3 comments / Add your comment below

  1. When Sister Harper woke up, it was just another day of service at the West American Fork temple. But after seeing something startling in traffic, she misses her turn and ends up at the East American Fork temple. She enters to discover another Sister Harper, identical to herself. Working together, they race to the other 53 temples in Utah to uncover a cloning plot that leads all the way to the Church Office Building, evading ecclesiastical officers along the way.

  2. I’ve been an ordinance worker in one of the smaller temples. You can in fact run such a temple on a pretty small staff. The one thing I’d say is that the staffing needs are skewed male because you have to have men behind the veil at the end of the session. Allowing women to help at the recommend desk has been a good start to evening out that load. Why not allow women to receive behind the veil while we’re at it? If we’re serious about the idea of having heavenly parents of both genders, surely a woman can also represent God? The theological implications are interesting, but maybe a bit too radical for today’s church leadership. I do believe this will happen one day.

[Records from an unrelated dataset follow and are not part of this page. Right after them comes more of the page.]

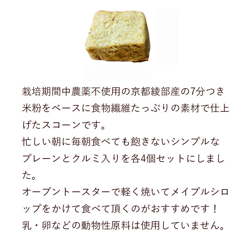 - 【ふるさと納税】お楽しみ 米粉 スコーン 8個セット( プレーン×4 / クルミ×4 )【 米粉 乳不使用 卵不使用 グルテンフリー 天然酵母使用 朝食 朝ごはん 米粉菓子 ティータイム おやつ スイーツ デザート プレゼント 綾部 京都 自然素材 】
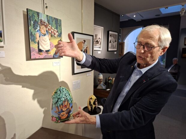Aux cimaises de cette exposition ludique, profonde, festive et poétique, figurent soixante-huit créations d’artistes contemporains qui ont bénévolement métamorphosé, avec malice et beauté, un modèle d’œuf en bois de hêtre plein façonné à la main par un ébéniste de notre région. Parallèlement à cette exposition d’œuvres qui feront l’objet dimanche d’une mise aux enchères (chaque pièce à partir de 140 euros), le Club Rotary Orléans a invité chaque artiste à exposer une de ses œuvres personnelles. Ainsi se trouvent présentés peintures, collages, sculptures, céramiques, créations numériques, bronzes. Ce passionnant ensemble est mis en place par Abel Moittié, commissaire d’une exposition riche de correspondances et de surprises à découvrir dans le bel écrin qu’est la galerie de Jean-Bernard Rouilly.
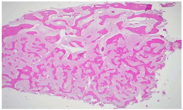 Figure 10: H&E, 25X,: Irregular and curvilinear arrangement of trabeculae.
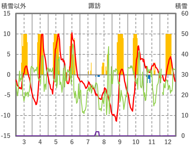 | 日 | 時 | 気温 | 降水 | 風向/風速 | 日照 | 積雪 | 降雪 |
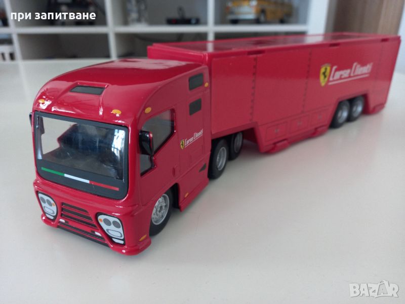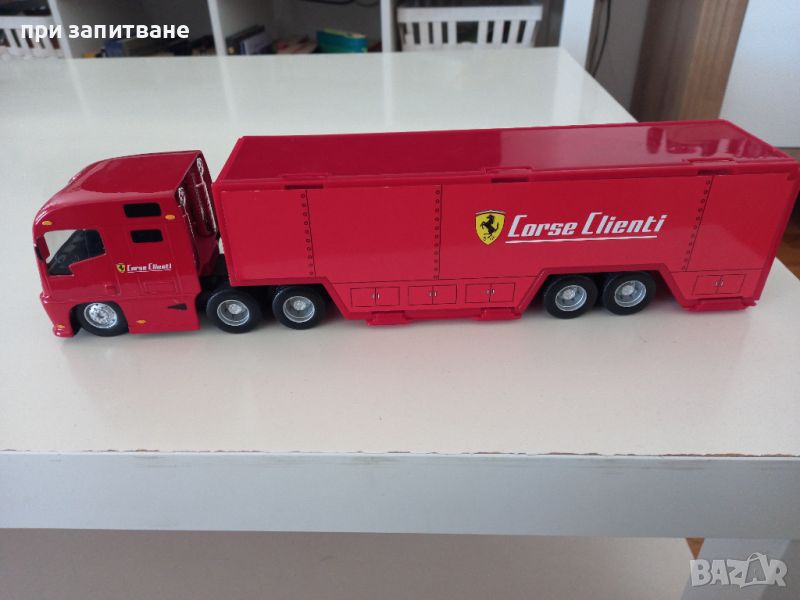 Камион FERRARI TRUCK F1 CAR TRANSPORTER TEAM, Burago,голям 1/43, 36 см. → Обява 45493044
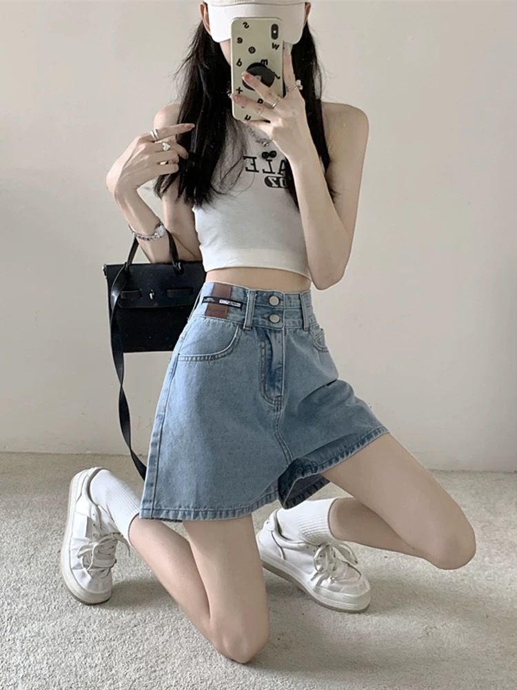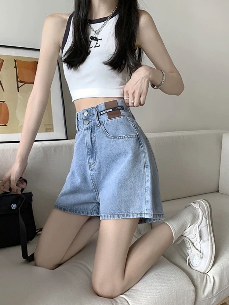 夏季薄款闊腿高腰牛仔短褲(預購)pn003005
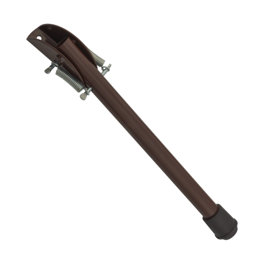 Joustavamekanismi mahdollistaa jalan nopean avaamisen ja sulkemisen yhdellä jalan liikkeellä — ilman kumartumista. Kumijalka päässä varmistaa luotettavan tuen alustaan ja estää liukumisen sileillä pinnoilla, kuten keraamitiilit tai betonilattiat. Asennus on nopea eikä vaadi erikoistyökaluja — riittää, että kiinnität pidikkeen oven siipeen ruuveilla.
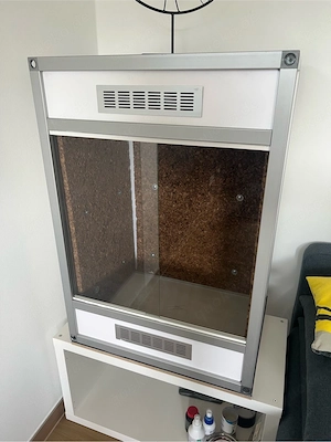 Zum Verkauf steht ein hochwertiges, selbstgebautes Terrarium, das bisher noch ungenutzt ist und sich daher in einwandfreiem Zustand befindet. Die Außenwände bestehen aus stabilen Forexplatten, die sauber in ein robustes Alu-Stecksystem eingefasst sind. Die Rück- sowie die Seitenwände wurden mit Naturkork ...
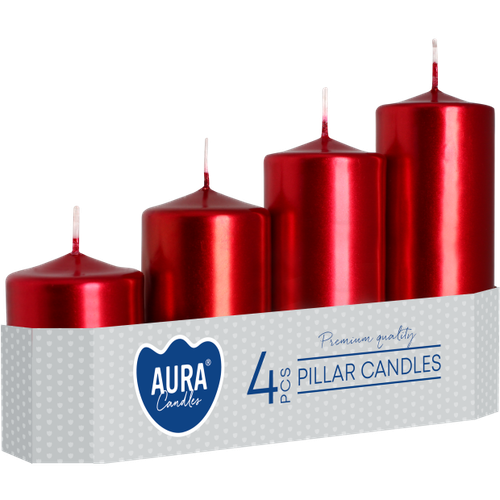Zestaw czterech stopniowanych świec pieńkowych marki AURA w efektownym, czerwonym metalicznym kolorze to doskonały wybór zarówno na co dzień, jak i na wyjątkowe okazje. Walce w tej intensywnej, połyskującej barwie idealnie podkreślą dekoracje świątecznych stołów, glamour aranżacje oraz eleganckie wnętrza. Umieszczone w różnych stylizacjach tworzą ciepłą, luksusową i pełną charakteru atmosferę podczas spotkań. Wotywne świeczki w odcieniu czerwonego metaliku stanowią wyraziste dopełnienie dekoracji sezonowych, pięknie komponując się z zielenią, złotymi akcentami, czernią oraz klasyczną bielą.
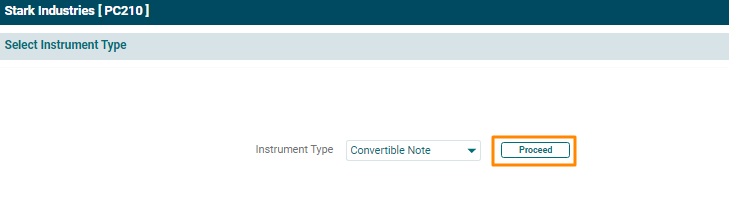 2. The Instrument Type window is displayed. Select Convertible Note from the Instrument Type dropdown list. Click Proceed.
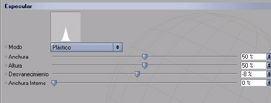 Vamos ahora al canal especular y ponemos unos valores como estos.
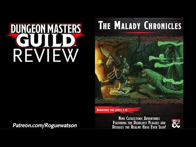 Review of the DMs Guild adventure compilation, "The Malady Chronicles" by Jason Bakos, Themis Paraskevas, Tal Aviezer, Clan Crafter Hralding, Dylan Hyatt, Chad M. Lensch, GM Lent, Richard Malena-Webber, C M O'Halloran, John D. Parker, Blaise Wigglesworth. Affiliate link:
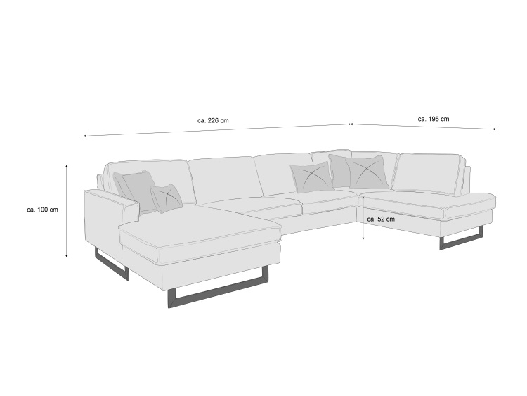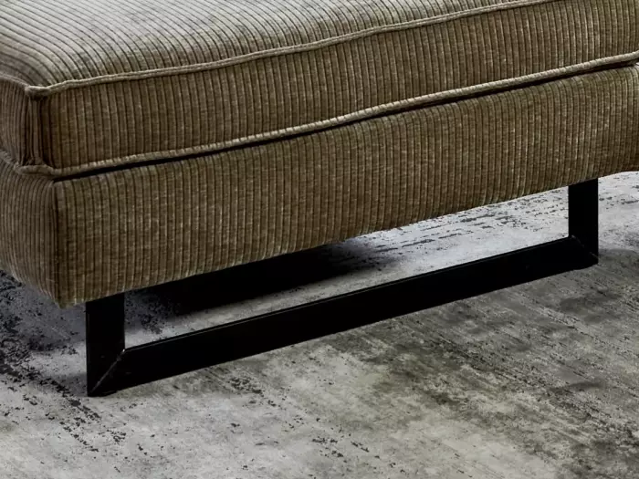 Der Metall-Kufenfuß verleiht der Wohnlandschaft eine leichte, moderne Optik, während die solide Polsterung für hohen Sitzkomfort steht – perfekt für entspannte Fernsehabende oder gesellige Runden.
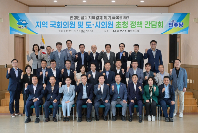 [코리아 이슈저널=김종오 기자] 여수시는 지난 18일 보건소 회의실에서 지역 국회의원과 도의원, 시의회 의장단을 초청해 정책 간담회를 열고 지역의 주요 현안과 국·도비 지원사업을 논의했다.
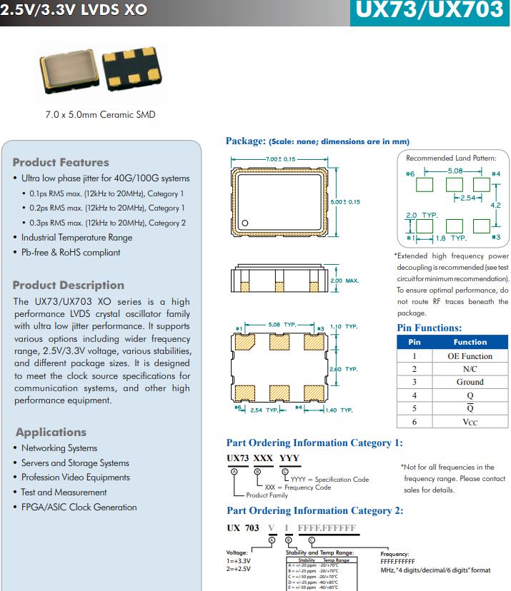 UX73/UX703 XO系列是高性能LVDS时钟晶体振荡器系列具有超低抖动性能。它支持多种选择,包括更广泛的频率2.5V/3.3V电压,各种稳定性,以及不同的包装尺寸。它的目的是的时钟源规格通讯系统等高设备性能。
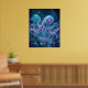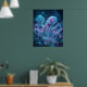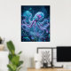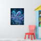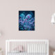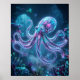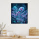 A mesmerizing neon octopus drifts through a futuristic underwater reef, glowing with cyan, magenta, violet, and electric blue energy. Its translucent mantle, illuminated suction details, and flowing arms create a hypnotic sense of motion and intelligence. Surrounded by luminous coral forms, holographic currents, suspended particles, and deep ocean darkness, the scene feels rich and cinematic. This cyber marine creature design is ideal for modern interiors, gaming rooms, beach homes, and collectors who love ocean life with a futuristic twist.

  3. Particularly at larger temples, quite a few temple workers could be replaced with a good sign that says “go this way”. I generally have a very good sense of direction, but I can never seem to figure out which direction the correct locker room is. (I guess my sense of direction is a satanic gift that doesn’t work in the temple?)

    Next, we can do away with the workers who are just there to direct you to an empty spot to change clothes. They could use lights to indicate where to go, or when passing through the recommend desk each patron could be given a locker assignment then.

    [Bonus thought: what if we just showed up wearing white clothes? Particularly for people making short drives from home to the temple, what is the point of me putting on dark pants at home, driving 5 minutes to the temple, walking into the temple and then changing into white pants? At some temples (Utah) the locker rooms could be almost entirely eliminated freeing up floor space. Temples where people are more likely to be making long trips, or taking mass transit, etc., would probably need to keep them.]

    Because the temple ceremonies are all extremely scripted, there is virtually no part of it that can’t be replaced by a recording. It’s clearly allowed for 99% of the endowment. Doing it for new names would be trivial. Either AI could read the script, or they could just have a temple worker make a recording once per day.

    But the biggest answer is that we’ll just shift from running temples 70 hours per week to 30 hours per week when the demand is higher. Some (many?) already do this. Right now just barely over half of temples that have been announced are operating. (190 out of 367.) So in theory we’re looking at another doubling of operating temples in the next 10 years.